Floodplain Manager June 2020

Editorial

Our lead articles this month relate to flood resilient infrastructure.  It is good to see that the Federal and Queensland Governments are investing in rebuilding infrastructure which was damaged in the 2019 floods with infrastructure that is more resilient.  What is strange is that it appears that economic stimulus in response to the COVID pandemic is the motivation for spending more than the disaster recovery funding rules would otherwise allow.

At the same time, rural communities in Queensland are opposing the Inland Rail from Brisbane to Melbourne crossing floodplains for fear that it will exacerbate flooding.  This is a genuine concern that must be properly investigated but so must the impact of the flooding on the rail infrastructure and disruptions to operations.  I would hope that in both instances the designers are looking at the implications of flooding for the full range of flood events and not just using a selected design flood event such as the 1% AEP to assess impacts.  High value critical infrastructure is not only costly to repair but has significant indirect costs when it is out of service and those values need to be properly evaluated in the design process.
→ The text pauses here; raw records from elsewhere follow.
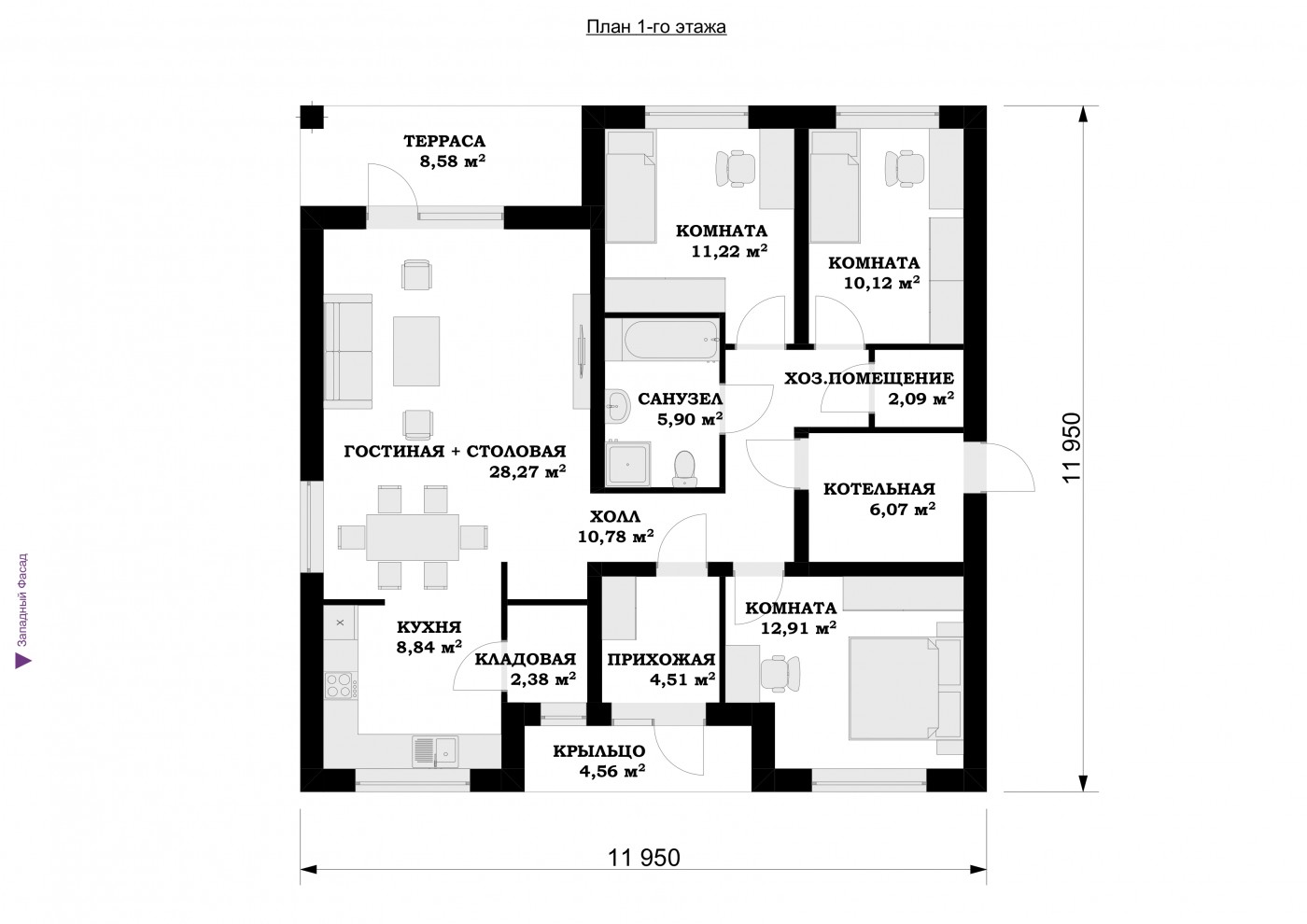 План дома "Варшава" подходит для участка средней ширины. В доме типичный блок, поэтому его реализация проста. Дом был спроектирован для отдельно стоящих зданий. Конструкция здания покрыта тентовой крышей, которая выглядит великолепно. Проект "Варшава" представляет собой одноэтажный дом, что, безусловно, является огромным плюсом для пожилых людей, инвалидов и браков с маленькими детьми. Сердцем дома является просторная дневная зона, которая способствует проведению времени вместе с близкими людьми. Открытая кухня - идеальное место для семейных и дружеских встреч. Кладовая, включенная в дизайн, значительно облегчит упорядоченность. Столовая, включенная в дизайн, соединена с гостиной, благодаря чему интерьер приобретает современный характер. В гостиной есть атмосферный камин, который дарит приятное тепло и создает в интерьере приятную атмосферу. Автор проекта предоставил для него одну ванную оптимальных размеров. Ночная часть состоит из трех спален, которые хорошо подойдут для семьи из 2-4 человек. Пространство также может быть использовано в качестве комнаты для гостей или учебы. Комфортное использование дома также зависит от подсобного помещения, включенного в него. Семейные посиделки в солнечные дни с террасой возле дома. Проект создан для инвесторов, планирующих построить дом по кирпичной технологии. Его внешний вид относится к традиционному стилю, благодаря которому он идеально подойдет к любому ландшафту. Ночная часть состоит из трех спален, которые хорошо подойдут для семьи из 2-4 человек. Пространство также может быть использовано в качестве комнаты для гостей или учебы. Комфортное использование дома также зависит от подсобного помещения, включенного в него. Семейные посиделки в солнечные дни с террасой возле дома. Проект создан для инвесторов, планирующих построить дом по кирпичной технологии. Его внешний вид относится к традиционному стилю, благодаря которому он идеально подойдет к любому ландшафту. Ночная часть состоит из трех спален, которые хорошо подойдут для семьи из 2-4 человек. Пространство также может быть использовано в качестве комнаты для гостей или учебы. Комфортное использование дома также зависит от подсобного помещения, включенного в него. Семейные посиделки в солнечные дни с террасой возле дома. Проект одноэтажного дома 12 на 12 с террасой создан для людей, планирующих построить дом по блочной технологии. Его внешний вид относится к традиционному стилю, благодаря которому он идеально подойдет к любому ландшафту.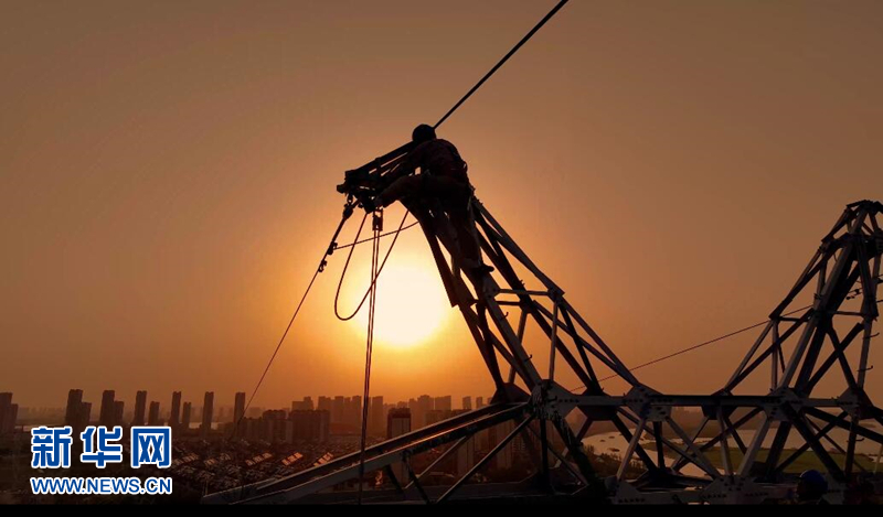 近日,在江蘇蘇州220千伏車寶線檢修現場,電力工人在高空更換輸電線路絕緣子。蘇州河畔,落日余暉映彩霞,高塔上的“繡花匠”們無暇顧及眼前的美景,默默守護身后的萬家燈火! (文靜 報道員:宋昱 楊小明)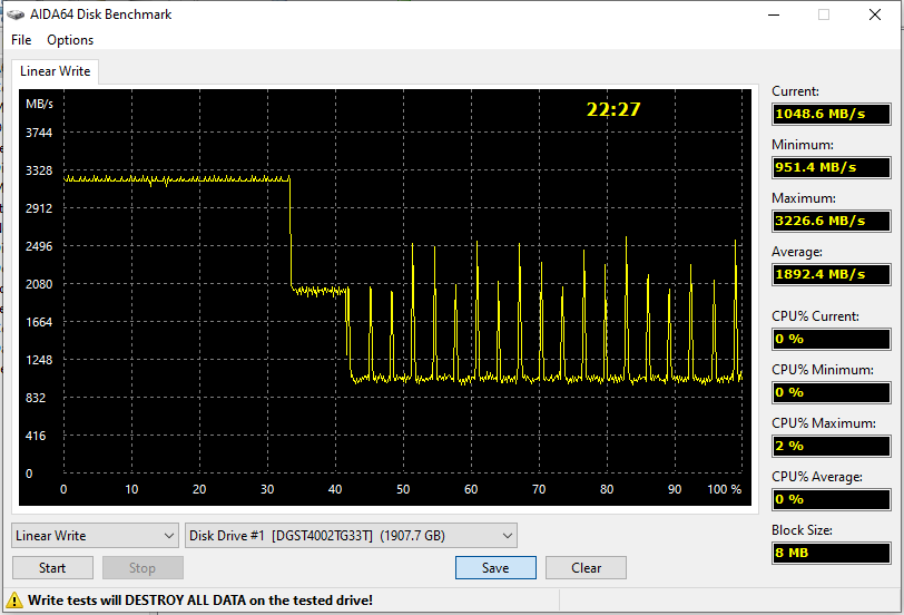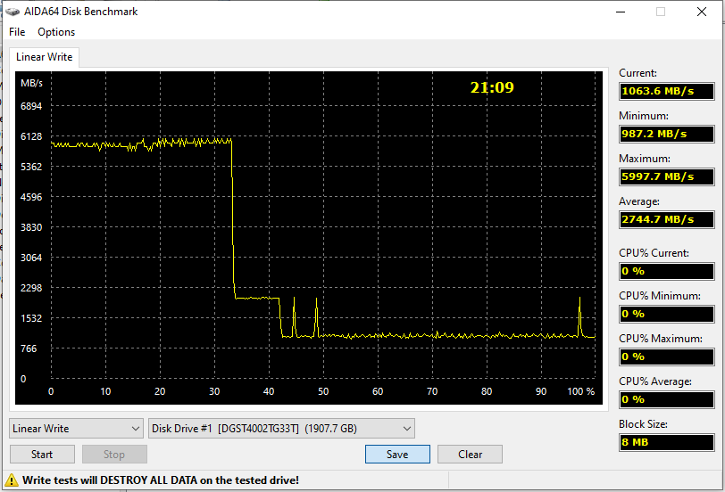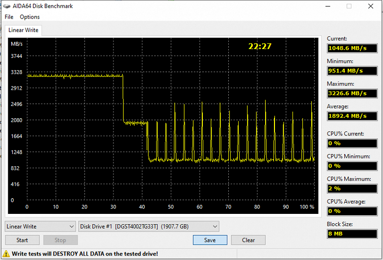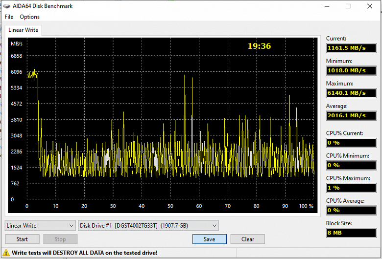 Поскольку и однопоточная запись на деле внутри превращается в многопоточную, особой разницы в результатах этих сценариев нет. Разве что падение производительности еще сильнее, хотя по результатам AIDA64 можно было ожидать строго обратного. Однако по этому поводу все уже сказано выше — повторяться незачем. Слишком быстрыми стали современные топовые SSD — настолько, сколько в ряде случаев и бенчмарк переварить не может.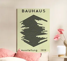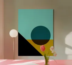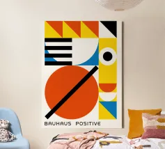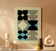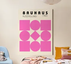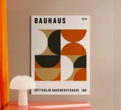 Ce motif Bauhaus abstrait au graphisme clair présente un motif rythmé de triangles et de carrés d'un rouge vif sur un fond crème chaud. L'agencement strictement géométrique crée un équilibre captivant de dynamisme et d'ordre et rappelle les principes classiques du design Bauhaus et Midcentury. Grâce à l'utilisation délibérée du contraste et de la répétition, le motif est à la fois moderne, intemporel et architectural. La palette de couleurs réduite confère au design calme et force, sans perdre de son expressivité. Idéal comme tableau mural pour le salon, poster design, art mural moderne.

On the subject of indirect flood impacts, we report this month on research in the UK which has quantified the mental health costs of flooding and this demonstrates that these indirect impacts of floods can be significant and should be included in the evaluation of flood mitigation options.

We also report on the UK flood inquiry which is underway and the submission from the reinsurer Flood RE.  The issues it raises are very similar to those we report being raised by Australian insurers to the current Royal Commission into National Natural Disaster Arrangements: the need for better urban planning, more investment in mitigation, and more resilient buildings.  Even with these investments, the insurers are saying that some locations may be uninsurable.

This suggests to me, and is confirmed by work we have done in some high risk floodplains, that there are locations where the consequences of flooding beyond the 1% AEP event are so great that a different standard needs to be applied to urban planning and building design in those places.  The challenge for floodplain management professionals is convincing governments and the development industry that the additional costs involved are a worthwhile investment in protecting the future owners of those buildings from the physical losses and mental health issues that they will not be able to afford.